As a long time enterprise infrastructure specialist, I’ve spent countless hours trying to optimize the performance of environments. Early in my career, I spent some time on a team who worked very closely with the monitoring team where I learned how hard it was to correlate the volumes of data collected. We were collecting so much data about our environment that it was almost overwhelming. Things like the temperature of the CPU, how many storage IOs were pending, and memory usage was. We had all this awesome data and what did we do with it? We set up monitoring to make sure numbers didn’t cross a certain threshold. When it did cross that threshold, we sent an alert. All this data at our fingertips and all we used it was for alerting. I knew something was off, but I was green and didn’t understand that we were missing the bigger picture.
That was a long time ago, and I’m on a very different career path now, and I’ve learned that data matters. What I’ve learned is that we can use technical data to make business decisions. If you’ve never had to write a business justification for spending IT dollars this may seem foreign to you, so let me explain. Let’s say I have a server running a business critical application responsible for batch processing and sending invoices. Without this application, the bills never get sent to the customers, and the money stops coming in. When the money stops flowing the wheels of the business stop rolling, and it’s a huge problem. The physical server this application runs on is 6 years old, but it meets the business need. No one never complains about performance so it’s largely out of people’s minds. To the IT operation folks, this s an aging server that needs to be replaced, but that doesn’t translate into business value.

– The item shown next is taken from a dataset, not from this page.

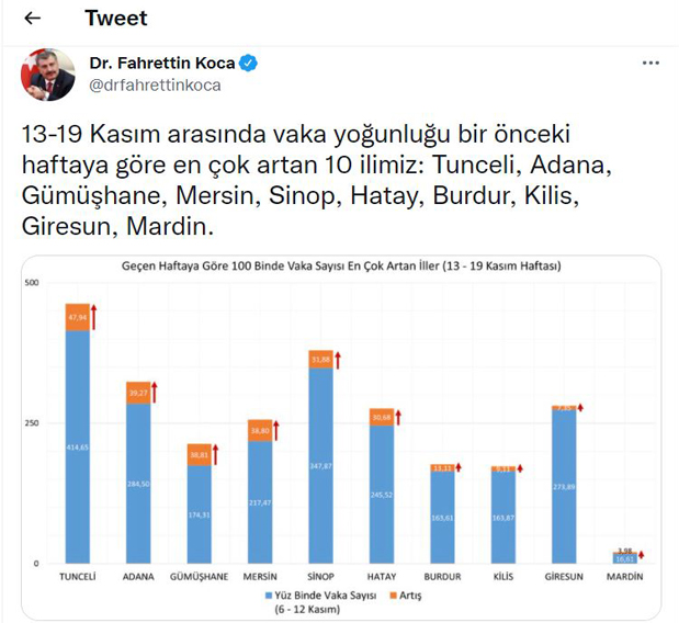 Verilere göre, vaka sayısı her 100 bin kişide İstanbul'da 277,88, Ankara'da 197,20, İzmir'de 70,02 oldu. Vaka yoğunluğu en çok artan 10 il ise; Tunceli, Adana, Gümüşhane, Mersin, Sinop, Hatay, Burdur, Kilis, Giresun ve Mardin.
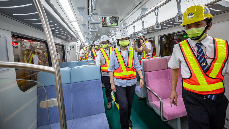 隨後,總統與現場貴賓在臺鐵局臺東機務段段長張志隆導覽下,參觀「EMU3000」及「EMU900」型車廂。

Is the IT operations person wrong? The answer is, of course, that it depends. To understand this, we really need to understand the performance characters of the server in question. Let’s look at the completely fictional story of an IT operations guy, let’s call him Alex.
With all the information being collected Alex can see that the nightly batch process consumed 100% of its CPU. Alex was also able to see that a dozen times a day the server was using all its memory. To Alex what does this all mean? That sometimes we are doing more work than we can handle. That is all he knows. What he can’t see is what the application is doing during does spikes so he makes notes of the peak times and decides to talk to the application support team. Once Alex talks to Jen from the application team, he is able to connect the dots that this is when a sales guy is entering a big order in. Alex knows he needs to talk to a sales guy to understand what is actually going on so he calls Todd, who tells him every time he uses the system to enter a sale he has to wait for 45 minutes. Todd has said it has always been like this so he has never complained to anyone. Alex now has a clear picture of what’s going on and enough information to see he can give the sales guy back hours of their day to make more sales. Even just giving Todd back 45 minutes a day is worth the cost of a new server.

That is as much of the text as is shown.